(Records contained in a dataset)
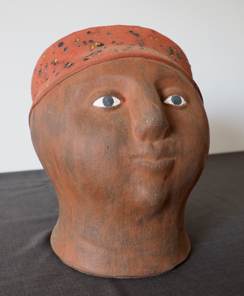 Dit werk toont een hoofd met hoofddeksel in bruinrode tinten. In dit werk zijn de Pre Columbiaanse invloeden duidelijk merkbaar. Vele werken van haar zijn zowel in bezit van openbare instellingen als in privébezit. Odile organiseert jaarlijks opendeurdagen in haar eigen tuin. Met een mix van buxussen bloemen en haar beelden is een bezoek een absolute aanrader.
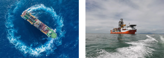 # 通過配置最先進的DP-3級動力定位系統(tǒng),自動調整船舶底部7臺推進器的轉向和推力大小,來抵抗海上風、浪、流作用在船上的載荷,使船舶在海上保持一定的水平位置;
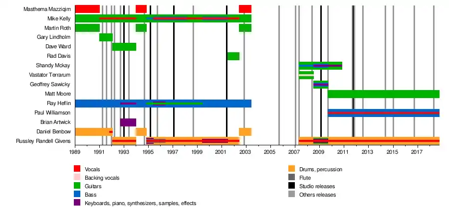 1989 - 1990 (como Dolmen) 1990 (como Azathoth) 1990 (como Eternus) 1990 (como Necrotic) 1991 - 2002 2007 - presente | |
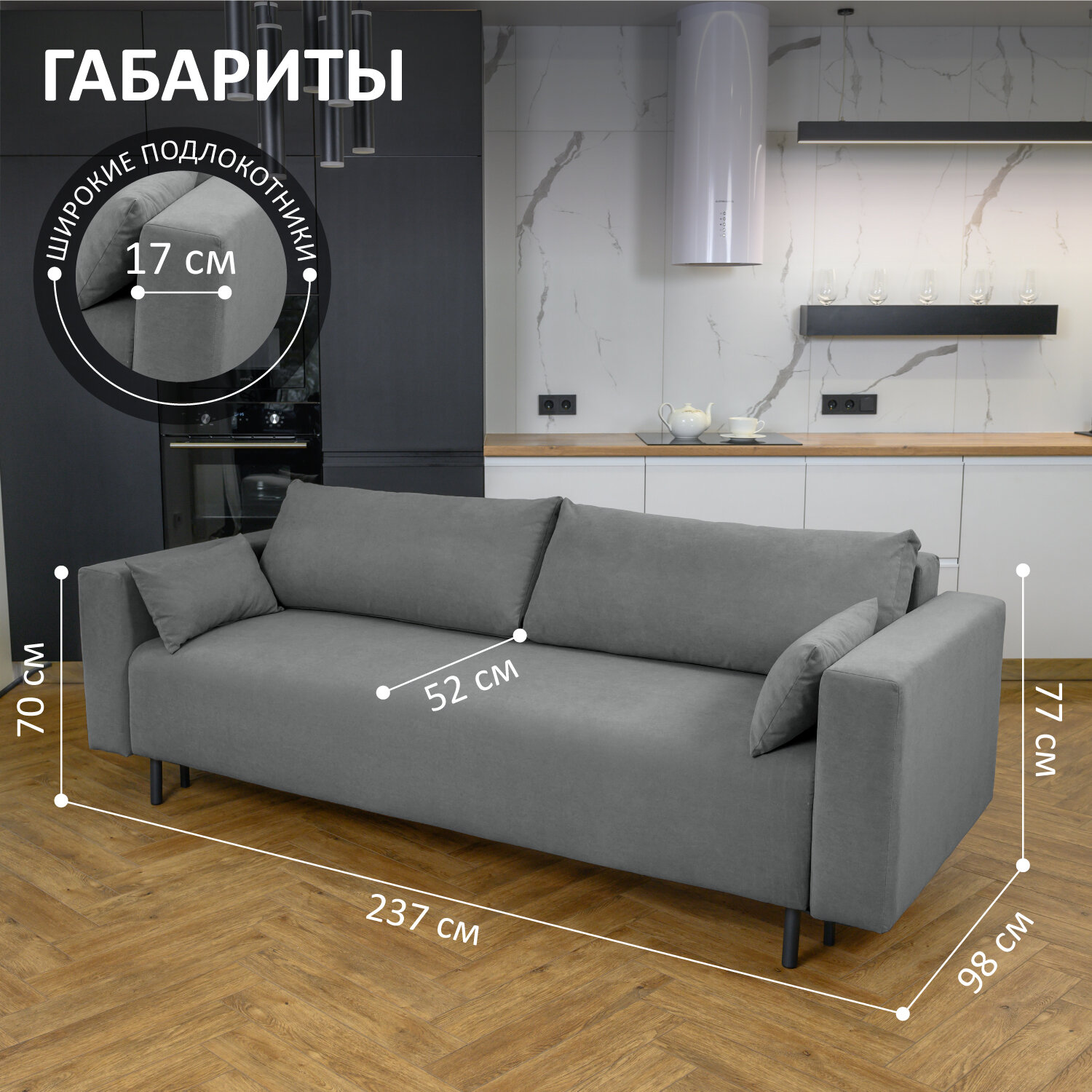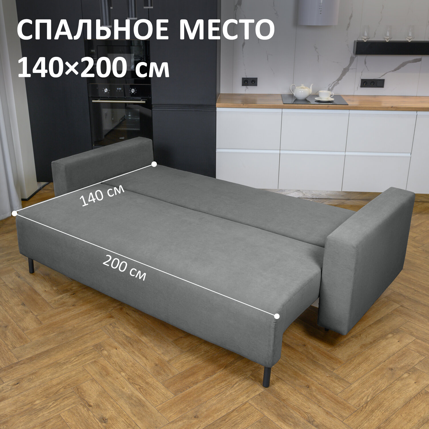 Купить Диван кровать раскладной Romack Malta еврокнижка 140×190 Серый c широкими подлокотниками в гостиную, на кухню с доставкой по всей России.
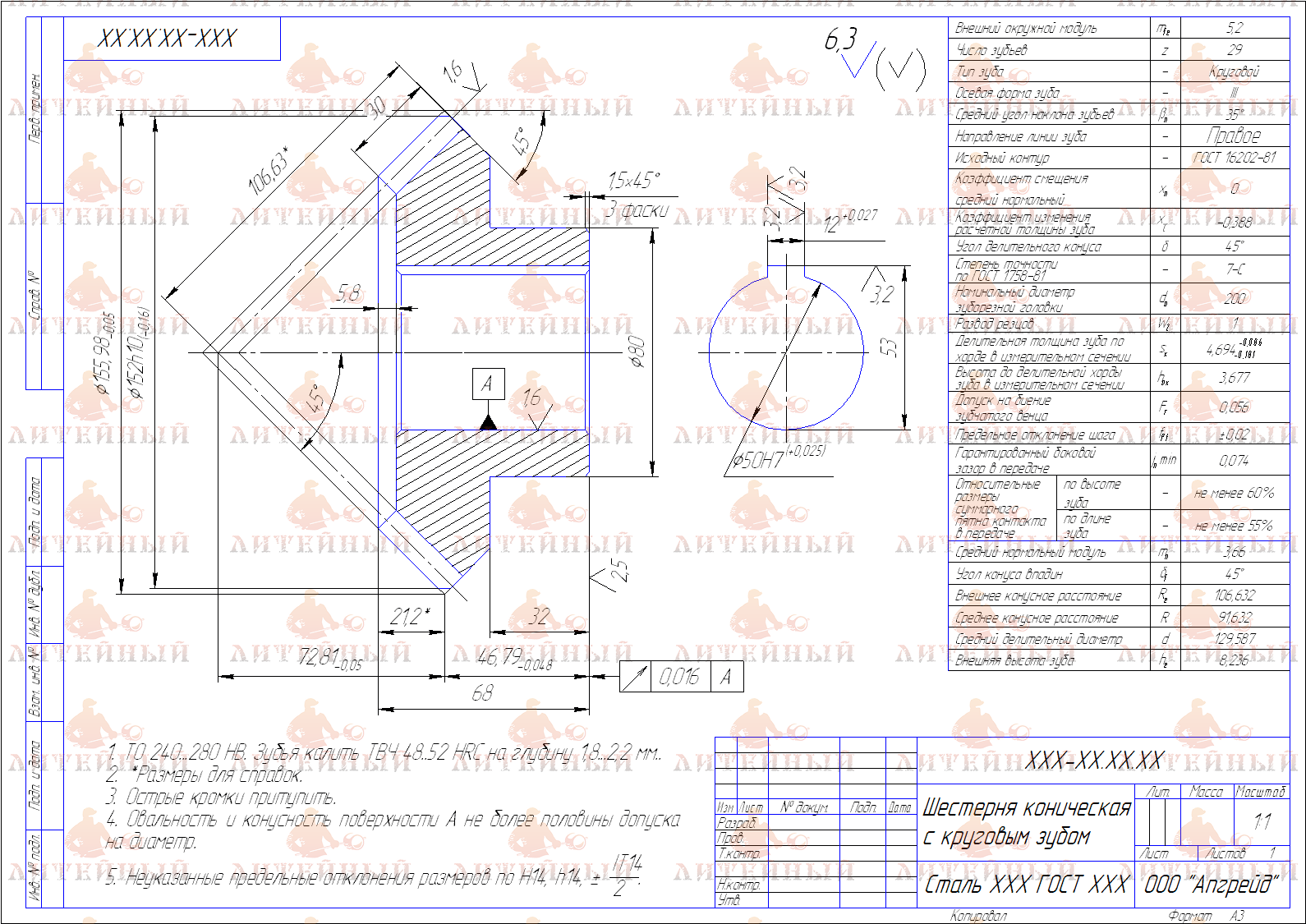 ООО Апгрейд оказывает услуги по изготовлению конических спиральных шестерней любой сложности на заказ по чертежам с учетом всех требований Клиента:

The problem: Your answer should hold every record above, printed exactly and free of pictures.

Exercise solution:
 Dit werk toont een hoofd met hoofddeksel in bruinrode tinten. In dit werk zijn de Pre Columbiaanse invloeden duidelijk merkbaar. Vele werken van haar zijn zowel in bezit van openbare instellingen als in privébezit. Odile organiseert jaarlijks opendeurdagen in haar eigen tuin. Met een mix van buxussen bloemen en haar beelden is een bezoek een absolute aanrader.
 # 通過配置最先進的DP-3級動力定位系統(tǒng),自動調整船舶底部7臺推進器的轉向和推力大小,來抵抗海上風、浪、流作用在船上的載荷,使船舶在海上保持一定的水平位置;
 1989 - 1990 (como Dolmen) 1990 (como Azathoth) 1990 (como Eternus) 1990 (como Necrotic) 1991 - 2002 2007 - presente | |
 Купить Диван кровать раскладной Romack Malta еврокнижка 140×190 Серый c широкими подлокотниками в гостиную, на кухню с доставкой по всей России.
 ООО Апгрейд оказывает услуги по изготовлению конических спиральных шестерней любой сложности на заказ по чертежам с учетом всех требований Клиента:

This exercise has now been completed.